4. The method as claimed in claim 3, characterized in that the synchronization sequence (3) comprises a preamble and a plurality of identical symbols (S) which are spread with subscriber-specific or radio-system-specific maximum sequences or gold sequences, the individual symbols (5) being transmitted shifted successively by one system clock t sample with respect to one another in each case, and the radio base station uses all the amplitude values at the output of the matched filter at the precise times of the symbol change for evaluation purposes, the time when an amplitude threshold value is exceeded when a preamble is received being used as a reference time value.

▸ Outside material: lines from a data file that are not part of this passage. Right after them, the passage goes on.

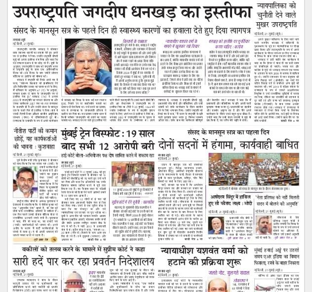 घरेलू खबरों में कानपुर किडनी कांड और हजारीबाग हत्याकांड जैसे संवेदनशील मामले शामिल हैं, जिनमें जांच और न्यायिक प्रक्रिया की प्रगति पर निगाह बनी हुई है। साथ ही, IAS यशपाल मीणा की संपत्ति संबंधी खुलासे की रिपोर्ट्स में उनकी पत्नी के आभूषण और संपत्ति का विवरण सामने आया है।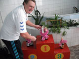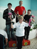 Победители получили командный кубок и праздничное шампанское. Второе место заняла команда бассейна "Дельфин", команда "Садко" - на третьем месте. Они тоже не остались без призов.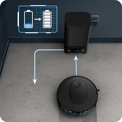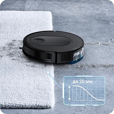 Висока ефективність очищення доповнюється потужністю всмоктування 2300 Па, яка забезпечує глибоке видалення стійкого бруду з твердих підлог і килимів. Робот легко долає пороги, килими та доріжки висотою до 20 мм, не втрачаючи стабільності руху. Для великих осель передбачена необмежена площа прибирання: якщо заряд зменшується, робот автоматично повертається на базу, заряджається та продовжує цикл з того місця, де зупинився.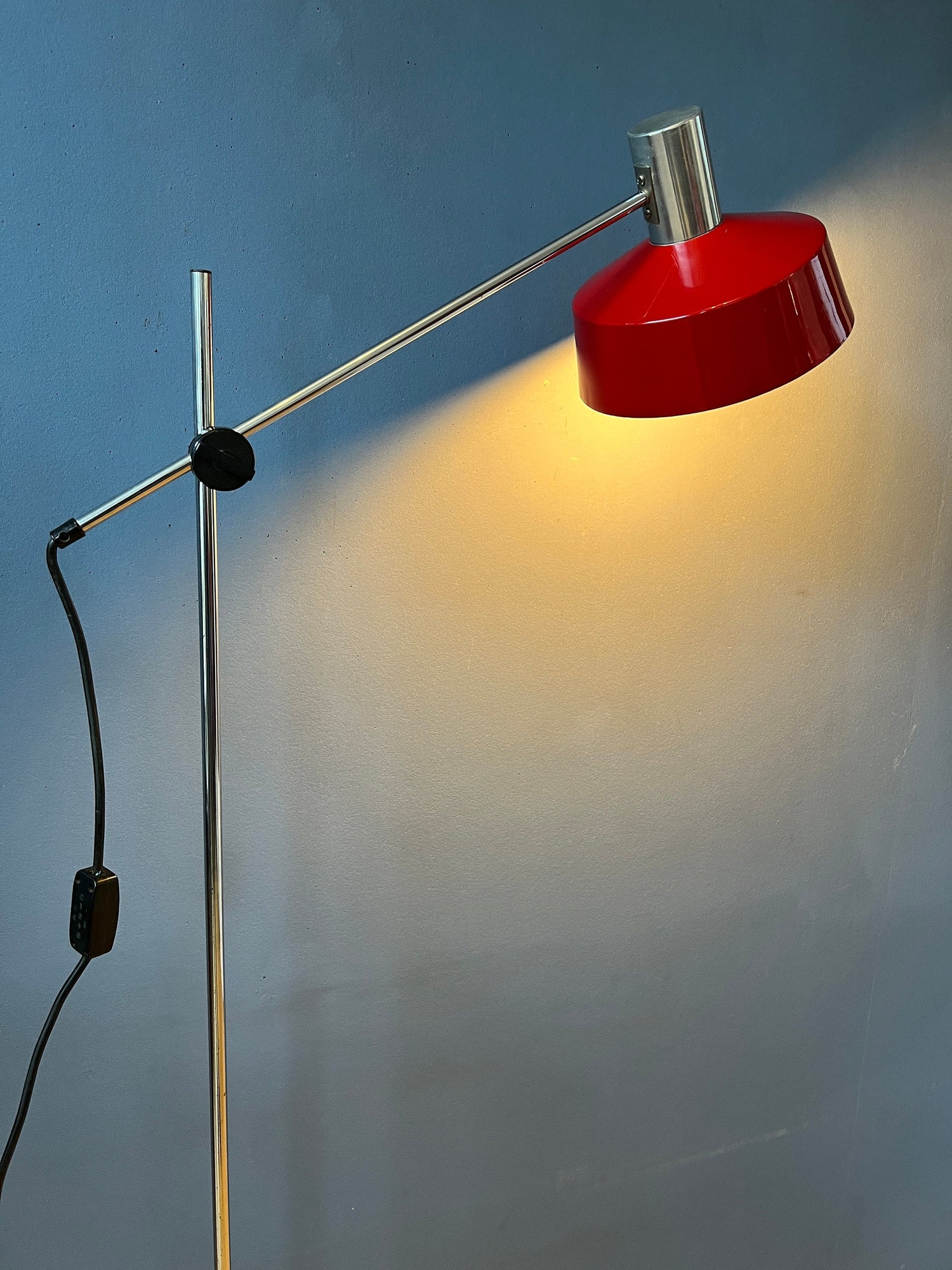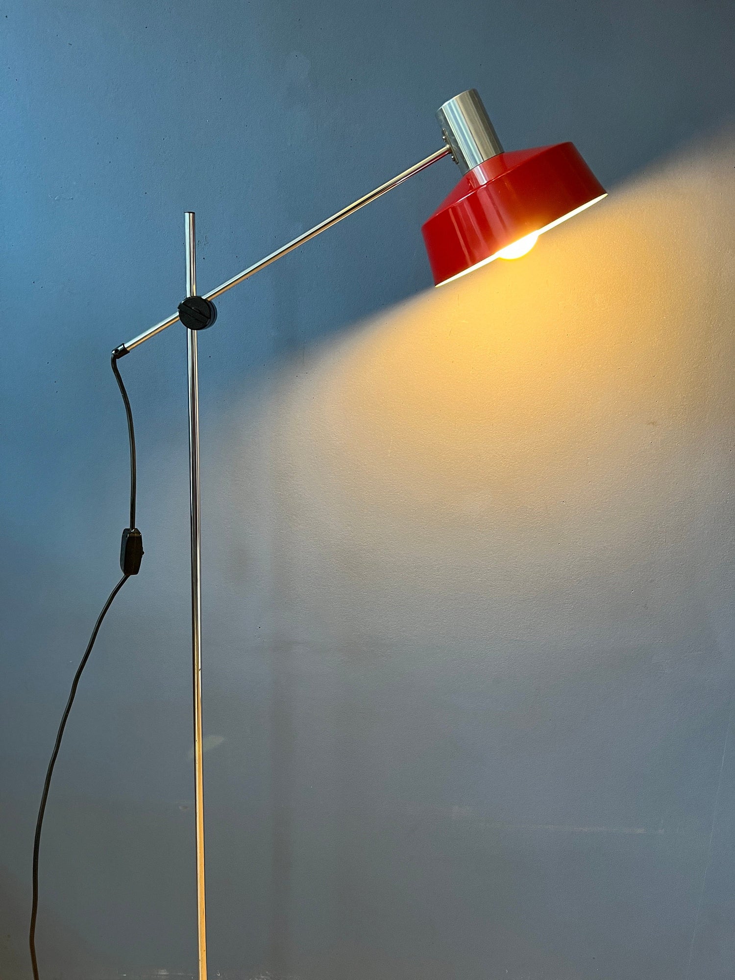 Flexible Anvia 'rod' floor lamp in red colour. The position of both the shade and the arm can easily be adjusted. The lamp has an aluminium shade. The lamp requires one E27 lightbulb and currently has an EU-plug (easily used outside EU with plug-converter).

5. The method as claimed in claim 3 or 4, characterized in that the radio base station transmits to the subscriber station via the central service channel a status signal specifying which subscriber station is to transmit its synchronization sequence (3), and after the evaluation of the signal transit time determined in the radio base station an item of information is transmitted to the respective subscriber station via the service channel, said item of information specifying at which subscriber-specific starting times the transmission of user data or control information in the uplink should start so that the parallel transmissions of all the subscriber stations are received in synchronism with the chip in the receiver of the radio base station.

6. The method as claimed in one of the preceding claims, characterized in that orthogonal gold sequences of the length of one symbol in each case are used for the code spreading of the data both in the uplink and in the downlink.

7. The method as claimed in one of the preceding claims, characterized in that adjacent radio transmission systems operate in different frequency positions and/or use different spread sequences in each case and/or use spread sequences from different code families.

8. The method as claimed in claim 7, characterized in that the respective radio base stations of the adjacent radio transmission systems operate synchronously with one another in the uplink cycle and in the downlink cycle.

9. A device for synchronization within a full-duplex-capable radio transmission system with CDMA
access with TDD mode, comprising a central radio base station and a plurality of subscriber stations which are independent of one another, a matched filter with amplitude threshold value switch being assigned to each subscriber station at the reception end and at least one matched filter with amplitude threshold value switch being assigned to the radio base station at the reception end, characterized in that a preamble can be generated in the radio base station by spreading with a specific maximum sequence or gold sequence which is uniform for the radio transmission system and said preamble can be transmitted synchronously in all telecommunications channels from [sic] the actual user data transmission to the subscriber station.

10. The device as claimed in claim 9, characterized in that the radio transmission system is designed as a wireless local loop system.